Perda de credibilidade de alguns setores afugenta investidores



A contabilidade é instrumento primordial para a análise fundamentalista, pois permite a gestores e analistas avaliarem a situação patrimonial das companhias. Contudo, a fragilidade das demonstrações contábeis de alguns setores tem afugentado os investidores, especialmente os de bancos médios e incorporadoras.
No post “Análise fundamentalista: quando menos é mais”, de 24/09/12, mostrei que a migração para o padrão contábil internacional IFRS, a falta de padronização entre as companhias de um mesmo setor, indefinições fiscais e balanços manipulados estavam tornando a rotina do analista de ações mais árdua. Como sugestão para aumentar a qualidade da análise, sugeri a redução do número de empresas cobertas por analista.
Outro reflexo da maior complexidade da análise contábil é que os investidores têm fugido de alguns setores, como os de bancos de menor porte e incorporadoras. Já comentei em post anterior que a tese de investimento dos bancos médios é frágil (“Qual o futuro das ações dos bancos médios?”, de 28/11/2011). Além disso, a ocorrência de operações questionadas pelo Banco Central no PanAmericano (BPNM4) e no Cruzeiro do Sul criou um contágio sobre os demais. Assim, vários bancos médios estão negociando abaixo do valor patrimonial por ação, como o BIC (BICB4), Sofisa (SFSA4) e Indusval (IDVL4), por exemplo.
É verdade que a situação do setor bancário europeu contribui para essa situação, mas não há como negar que a falta de confiança dos investidores nas demonstrações contábeis tem contribuído para essa situação. Isso fica claro quando lemos a reportagem “Empresas brasileiras ficam de fora da corrida por fundos de alto risco”, publicada no Valor de 02/10/12. Andrew Feltus, vice-presidente sênior da gestora Pioneer Investments, afirma: "Os bancos são mais difíceis de analisar, não são muito transparentes como uma companhia exportadora de carnes ou qualquer outro produtor em que podemos ver o que elas realmente produzem para mensurar o seu valor". Embora a reportagem seja dedicada a fundos de dívidas corporativas, creio que os gestores de ações possuem visão parecida.

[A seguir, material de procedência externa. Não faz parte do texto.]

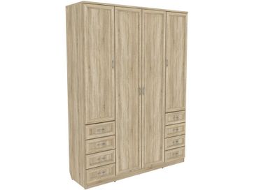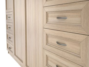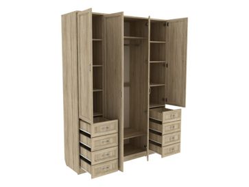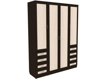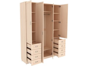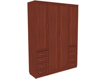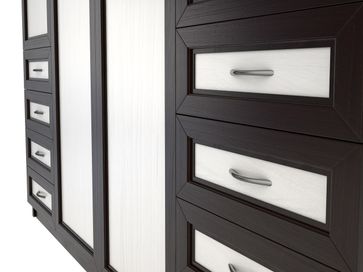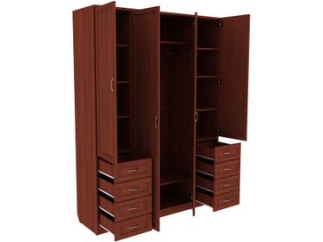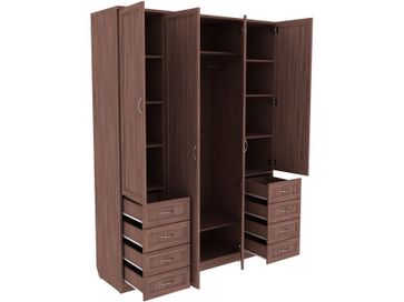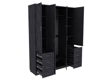 Преимущества: <br> большое отделение со штангой — для вещей на плечиках;<br> восемь ящиков — отличная альтернатива комоду;<br> два отделения с полками — для белья;<br> роликовые направляющие в ящиках — надежный механизм;<br> объемная рамка МДФ на фасадах;<br> металлические ручки — прочные и долговечные;<br> универсальный — для спальни, гостиной, квартиры-студии.<br>

Outro setor cujas demonstrações contábeis perderam credibilidade é o de incorporação imobiliária, devido aos seguidos estouros de orçamento de obras, significando que as estimativas dos dirigentes estavam muito otimistas. Isso explica o porquê de diversas ações estarem negociando abaixo do valor de liquidação (“net asset value - NAV”), como Brookfield (BISA3) com 0,9 vez, Gafisa (GFSA3) com 0,6 vez, PDG (PDGR3) com 0,9 vez, Rossi (RSID3) com 0,7 vez, entre outras. O que é NAV?  Ele representa o valor que os acionistas receberiam hoje caso a empresa fosse liquidada após se apurar os ativos e se deduzir as despesas. Considerando que a empresa ainda possui projetos a serem lançados no futuro, não faz sentido que o preço da ação seja inferior ao NAV. Isso somente ocorre em situações de crise. Dessa forma, o fato de empresas com excelente liquidez, como as citadas acima, negociarem abaixo do preço de liquidação somente confirma que as demonstrações contábeis dessas empresas não têm transmitido confiança aos investidores.
As companhias conseguirão retomar a confiança dos investidores? Acredito que sim, mas não será tarefa fácil. Como diz o ditado: a confiança leva anos para ser construída e minutos para ser destruída.